Apologies for dropping off the radar for a while, I’ve found too many excuses not to post an entry over the last few weeks. It’s five weeks to the day until I fly and it can’t come soon enough. I’ve been working hard for this and in my mind I’m going on a very long holiday, only it isn’t going to be anything quite like a holiday; it’s more of a temporary relocation.
I’ve been coming to the slow realization that this trip isn’t going to be like anything I’ve ever done before. To begin with, I don’t have a definite time scale or return journey. I don’t have a plan set in stone. I’m going to be working. I’m going to become completely immersed in a new life. Everything I know is being left behind, with the exception of language. I’m excited by this, this is something that I want to do. I’m hungry for new experiences. It’s not all one way traffic though, there’s a part of me pushing back on my desire to learn to live in another country. A part of me that says “hey Chris, you’re comfortable here, you’ve got an alright job and your friends ain’t so bad. Why’d you wanna give all that up?”
The honest answer is I don’t. Things have never been so good at home. The problem I have with sticking around and continuing to do the same old things with the same old people is that, no matter how good that is, I get bored. I want nothing more than to wake up in a new city and know that I’m going to spend a few days getting lost. Maybe it’s just me, maybe a few years of giving up stability and security have given me a shorter attention span or a greater desire to do more, see more and enjoy more.
That said, it’s not all as easy as crushing the cynical voice inside. There are days when I really do stop and listen and think, “hey Chris, maybe you’re right. Maybe I should stick around.” Life is good, why risk it for the unknown? I can’t say for sure but sometimes looking around at the other people who have given in to that voice, I know that I’m doing the right thing. That’s not to say there’s anything wrong with settling down and enjoying a comfortable life, it just isn’t for me.
I had a conversation today with a friend of mine who spent three weeks living with a tribe in the Amazon. Most people would tell you that’s an amazing thing to do but those same people wouldn’t dream of doing it themselves. I’m not even sure if I could push that far out of my own comfort zone, I wouldn’t even know where to begin, but I’d sure like to try some day! The trouble with travel is that it excites me, everything about it. I love listening to other people tell me their stories, flicking through blogs, looking at photos and reminiscing over my own trips.
At the other end of the spectrum, I spent a weekend at one of my old friends from university’s house with her family.

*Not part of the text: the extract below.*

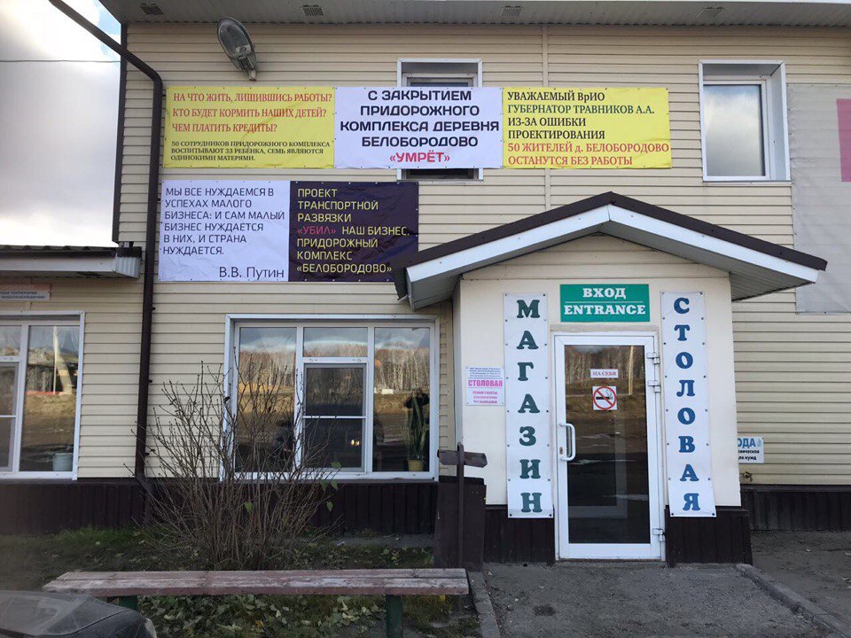 Директор и сотрудники придорожного комплекса считают действия дорожников произволом. Они уверены: строители специально делают все, чтобы бизнес нес убытки. После начала работ уже пришлось закрыть автомагазин и шиномонтаж. Оставшиеся гостиница, кафе, продуктовый магазин и баня практически пустуют. Стоянка площадью шесть гектаров вмещает 200-250 грузовых машин, но попасть на нее сегодня не возможно.

This is very much a life I’ve turned my back on for now but it did give me an opportunity to see the appeal and what I’m arguably missing out on. There is something very rewarding in watching a child develop, even if it isn’t mine and I don’t see him very often. I’m also all up for the idea of owning a little space in the world, somewhere you can call your own. This just isn’t something I’m ready for, I need my freedom and for that I need no commitments and definitely no dependents.
I’m definitely ready to go. Apart from packing and most of the other physical things that constitute being ready.